Investigations for myeloma: Skeletal survey, bone marrow biopsy (with specimens sent for cytogenetics), 24 hour urine collection for UPEP, and proteinuria.

Blood work must include a full CBC, calcium profile, Serum protein electrophoresis with immunofixation, beta2 microglobulin level and free light chain analysis.

Question 28

A 25 year old male is referred for the evaluation of head and neck lymphadenopathy in the context of weight loss and malaise.

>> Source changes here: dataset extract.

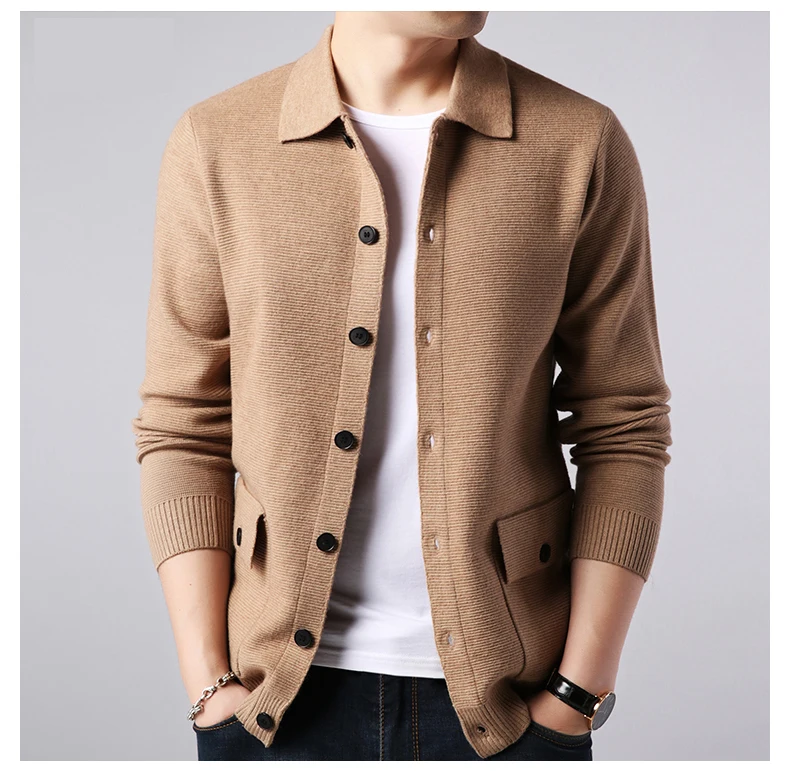 Мужской вязаный кардиган MIACAWOR, Осенний приталенный свитер из хл...
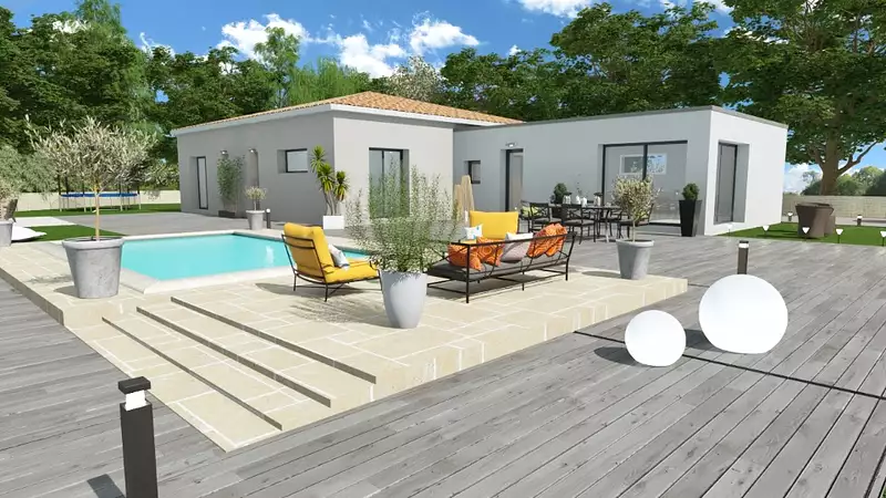 Découvrez cette maison plain-pied en L de 115m² au lignes modernes et épurées, composé de 3 ou 4 chambres dont 1 suite parentale, vous profiterez d'un belle espace de vie de 50m² lumineux et ouvert sur l'extérieur. Un cellier vient compléter le tout

Consider the following points for discussion:

  1. What are B symptoms?
  2. What type of specimen would be required to confirm a diagnosis of lymphoma?
  3. Discuss the differential diagnosis of lymphadenopathy.

The B symptoms are:

  • Unexplained loss of more than 10% of body weight in the 6 months before diagnosis.
  • Unexplained fever >38 degrees C.
  • Drenching night sweats.

The single most useful diagnostic test is a representative, technically adequate, and properly evaluated biopsy, with either an excisional or Core biopsy. An FNA is not acceptable for a diagnosis of lymphoma.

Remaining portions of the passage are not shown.